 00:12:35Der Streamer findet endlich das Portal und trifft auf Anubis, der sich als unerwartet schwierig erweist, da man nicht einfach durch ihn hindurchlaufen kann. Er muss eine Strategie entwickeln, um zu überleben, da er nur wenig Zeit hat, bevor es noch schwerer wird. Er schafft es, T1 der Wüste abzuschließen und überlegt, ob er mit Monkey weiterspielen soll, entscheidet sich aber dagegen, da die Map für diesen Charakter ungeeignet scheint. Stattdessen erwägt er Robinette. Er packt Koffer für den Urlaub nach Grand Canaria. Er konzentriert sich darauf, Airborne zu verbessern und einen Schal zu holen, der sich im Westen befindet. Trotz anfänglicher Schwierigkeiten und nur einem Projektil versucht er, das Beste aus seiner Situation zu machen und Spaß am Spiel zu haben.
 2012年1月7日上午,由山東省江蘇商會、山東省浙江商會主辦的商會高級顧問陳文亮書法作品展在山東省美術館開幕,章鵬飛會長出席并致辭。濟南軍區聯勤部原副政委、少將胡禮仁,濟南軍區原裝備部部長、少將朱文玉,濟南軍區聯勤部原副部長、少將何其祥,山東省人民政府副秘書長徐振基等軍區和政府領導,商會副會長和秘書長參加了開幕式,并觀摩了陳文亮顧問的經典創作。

* * *

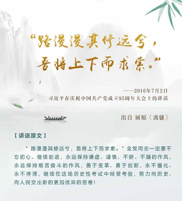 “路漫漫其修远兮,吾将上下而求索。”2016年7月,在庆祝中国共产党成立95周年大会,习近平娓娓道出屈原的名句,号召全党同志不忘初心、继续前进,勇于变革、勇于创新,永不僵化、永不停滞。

### WORK TO BE COMPLETED
Above are the records. Copy the lines beginning at the one that has "00:12:35Der Streamer findet" and ending with the one that has "2012年1月7日上午,由山", unchanged.

### WRITTEN RESPONSE
 00:12:35Der Streamer findet endlich das Portal und trifft auf Anubis, der sich als unerwartet schwierig erweist, da man nicht einfach durch ihn hindurchlaufen kann. Er muss eine Strategie entwickeln, um zu überleben, da er nur wenig Zeit hat, bevor es noch schwerer wird. Er schafft es, T1 der Wüste abzuschließen und überlegt, ob er mit Monkey weiterspielen soll, entscheidet sich aber dagegen, da die Map für diesen Charakter ungeeignet scheint. Stattdessen erwägt er Robinette. Er packt Koffer für den Urlaub nach Grand Canaria. Er konzentriert sich darauf, Airborne zu verbessern und einen Schal zu holen, der sich im Westen befindet. Trotz anfänglicher Schwierigkeiten und nur einem Projektil versucht er, das Beste aus seiner Situation zu machen und Spaß am Spiel zu haben.
 2012年1月7日上午,由山東省江蘇商會、山東省浙江商會主辦的商會高級顧問陳文亮書法作品展在山東省美術館開幕,章鵬飛會長出席并致辭。濟南軍區聯勤部原副政委、少將胡禮仁,濟南軍區原裝備部部長、少將朱文玉,濟南軍區聯勤部原副部長、少將何其祥,山東省人民政府副秘書長徐振基等軍區和政府領導,商會副會長和秘書長參加了開幕式,并觀摩了陳文亮顧問的經典創作。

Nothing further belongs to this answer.